Philosopher Achille Mbembe once remarked that Africal holds a paradoxical position in modern formations of knowledge. On the one hand, he writes, “it has been largely assumed that "things African” are residual entities, the study of which does not contribute anything to the knowledge of the world or of the human condition in general.” Yet, on the other hand, he also notes, Africa has always been also perceived as a kind of laboratory that can help “gauge the limits of our epistemological imagination or to pose questions about how we know what we know and what that knowledge is grounded upon (Mbembe, 2010, p. 654).”
University of the Witwatersrand (Wits) and the University of Edinburgh recently launched a new SARChi SA-UK Bilateral Chair in Digital Humanities, appointing Professor Gagliardone as its inaugural holder. The aim of the 5-year Chair is to advance more inclusive and equitable digital futures in social sciences and humanities research globally.

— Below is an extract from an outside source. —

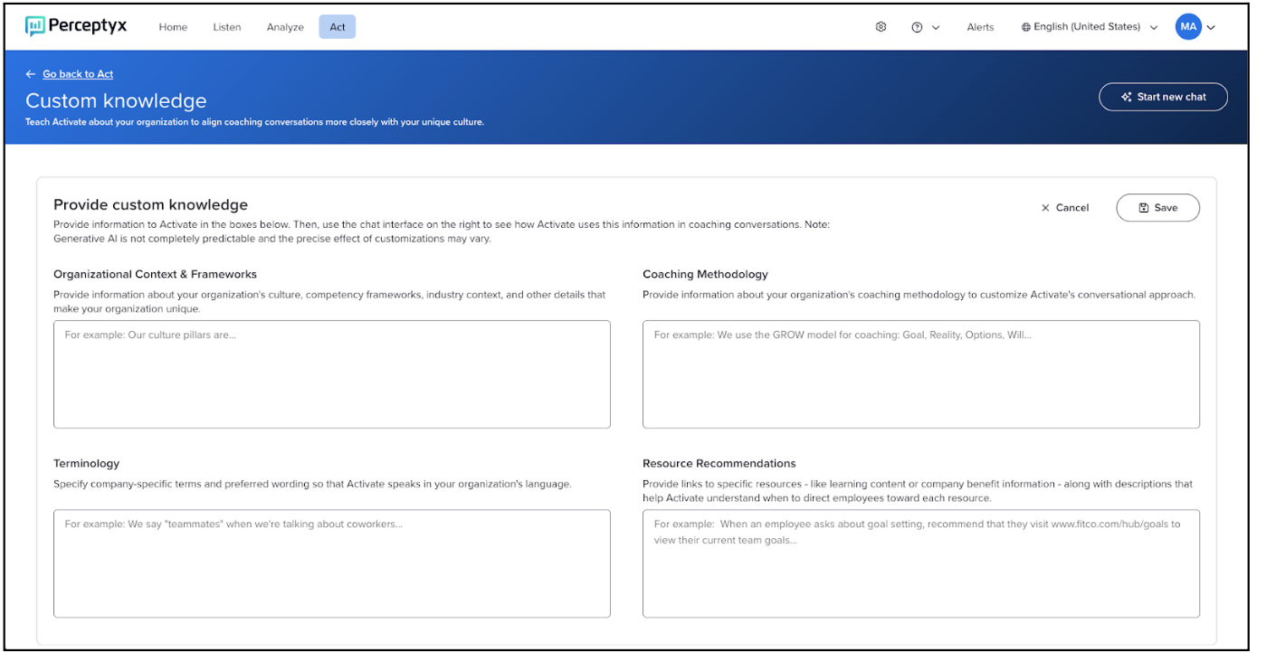 Custom Knowledge enables organizations to tailor Activate’s coaching experience to their unique culture, language, and ways of working. By providing key organizational context, such as frameworks, terminology, and internal resources, Activate can deliver coaching conversations that feel more relevant, consistent, and aligned for employees.

Building on the long critical tradition of research in South Africa, the Chair aims to reposition Africa as hub of conceptual, technological and methodological innovation amidst the current boon in the use of AI in social sciences and humanities by highlighting how historically marginalised forms of knowledge can inform humane and socially just approaches to digital transformation and digital humanities research.
Matti similarly recently received Africa Programme seed funding for his ongoing project “Generative AI and Africa: New Methodological Directions for Social Sciences and Humanities Research (GAINS).” This project aims to critically explore the use of generative AI and large-language models (LLMs) for social sciences and humanities research in Africa. By experimenting with custom-trained AI models and fostering collaboration between Finnish and South African institutions, it seeks to enhance research methodologies and facilitate knowledge exchange globally.

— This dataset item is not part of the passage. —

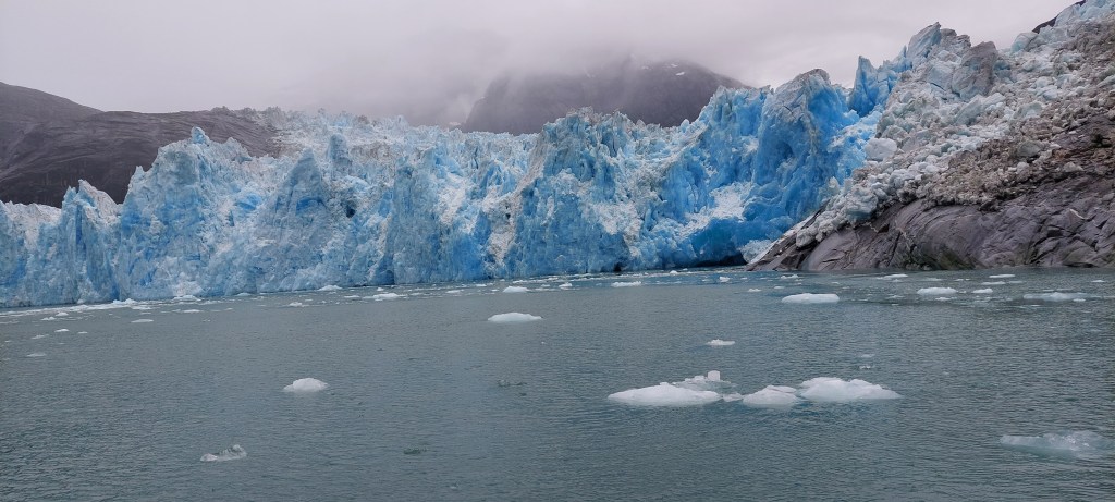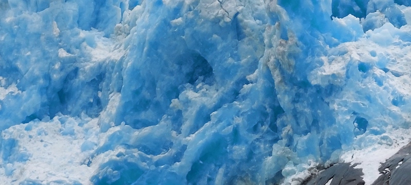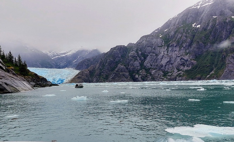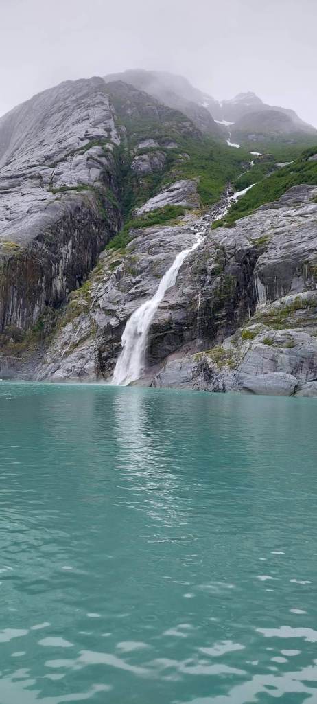 On Saturday afternoon (July 23), our “Seek Alaska” tour boat carried us into Le Conte Bay through mint-green waters, filled with “bergie bits” and larger icebergs, to a position about 900 feet from the face of the Le Conte Glacier. We passed a glorious waterfall and a large ice floe on which we could see a vast number of black blobs–harbor seals and their very young pups! Our captain allowed the jet boat to drift for a long time so that we tourists could watch the glacier “calve.” (When this occurs, chunks of ice, large and small, break off from the face of the glacier and plunge into the water below, causing a great splash, fountains of spray, and waves that circle out from the glacier’s foot, often with rifle-shot cracks of sound accompanying.) Before beginning our journey back to Petersburg, we visited two stunning coves surrounded by gigantic black granite cliffs down which snow-melt trickled, then bounded, and finally gushed out over rocks and into the sea right at our tour boat’s bow! It was incredibly gorgeous, even on a gray day!

Building on this ongoing dialogue between HSSH, University of Helsinki and University of Witswatersrand, this talk openly discusses some of the challenges in such North-South collaboration in social science and digital humanities. What are some of the theoretical, methodological and empirical questions that are raised and how can critical research potentially help address this? What are the limits of our epistemological imagination?
Iginio Gagliardone in the inaugural SA-UK Bilateral Chair in Digital Humanities at Wits University in Johannesburg, South Africa, and a fellow of Wits’ Machine Intelligence and Neural Discovery (MIND) Institute. He is the author of “The Politics of Technology in Africa” (2016) and “China, Africa, and the Future of the Internet” (2019). His most recent work examines the international politics of Artificial Intelligence and the emergence of new imageries of technological evolution in Africa.
Matti Pohjonen currently works as a Senior Researcher for the Helsinki Institute for Social Sciences and Humanities (HSSH), University of Helsinki, working with methodological development on the use of internet and social media data, including debates on generative AI and LLMs. He also currently co-leads The EU Horizon-funded project ARM, which focuses on information suppression and information freedoms in China, Russia, Ethiopia and Rwanda as well as InfoLead, which is a digital literacy project and an online tool targeting judges and policymakers developed together with the University of Oxford and University of Florence.